Following its investigation into a flour cartel, in December 2014 the ACM issued its decision, finding that certain flour companies – including Meneba – had entered into a market sharing agreement contrary to competition law. The ACM held that Meneba’s ultimate parent entities were jointly and severally liable for the infringements, concluding that:
- Bencis Capital Partners group held over 90% of shares in Meneba and were liable for €1m of the fine imposed on Meneba; and
- two companies in the CVC group, which had previously held c.40% of shares in Meneba during the period of the infringement, were jointly and severally liable for €450,000 each.
Bencis Capital Partners and Bencis Buyout Fund II appealed the ACM’s decision, arguing that their influence over Meneba’s board did not constitute the necessary level of decisive influence and that, in any event, buyout firms (such a private equity firms) were not ‘centrally guided concerns’ for the purposes of legislation.
These arguments were rejected by the ACM, which considered that:
- the competition rules apply to any entity that carries out economic activity and, as such, the actions of investment firms are also caught; and
- the firms had the power to appoint board members, influence business plans and cast deciding votes in relation to the supervisory board, all of which did constitute decisive influence.
As such, the ACM’s decision of 20 October 2015 confirmed its original decision that Bencis Capital Partners and Bencis Buyout Fund II should be held jointly and severally liable for Meneba’s participation in the cartel.
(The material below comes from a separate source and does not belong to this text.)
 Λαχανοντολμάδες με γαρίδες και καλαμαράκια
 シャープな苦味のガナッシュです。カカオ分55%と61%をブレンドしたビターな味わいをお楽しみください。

Bencis Capital Partners and Bencis Buyout Fund II have the opportunity to appeal the ACM’s decision to the Dutch district court in Rotterdam.
Is this surprising?
The ACM’s reasoning in this case is consistent with the European Commission’s decision of 2 April 2014 in the high voltage power cables cartel. Following its investigation, the Commission fined 11 producers of underground and submarine high voltage power cables for market and customer sharing contrary to competition law. The Commission found that Goldman Sachs was jointly and severally liable for EUR 37.3m of Prysmian’s EUR 104.6m fine as it exercised decisive influence over Prysmian by virtue of a fund it managed (GS Capital Partners) owning a stake in Prysmian (the Commission found that Goldman Sachs held 100% of the voting rights).
Goldman Sachs has appealed the Commission’s decision to the General Court.
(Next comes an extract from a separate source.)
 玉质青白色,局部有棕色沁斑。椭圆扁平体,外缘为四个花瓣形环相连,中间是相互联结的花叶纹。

The outcome of Goldman Sachs’ appeal will be awaited with some anticipation as, if the Commission’s decision is upheld, the General Court will be seen as giving a green light to competition authorities (both the Commission and national authorities) which find investment firms liable for the actions of the businesses in which they invest. However, the ACM’s decision is particularly of interest given that the CVC group were also held liable while only holding 40% of the shares.
While “decisive influence” is required to be exercised by the investment firms, it is widely acknowledged in an EU merger control situation that even a minority shareholding can result in a finding of “decisive influence“. As such, it will be interesting to see whether investment firms start seeking a lower level of voting rights, board representation or management control in order to avoid being found to exercise decisive influence over the business in which they are investing.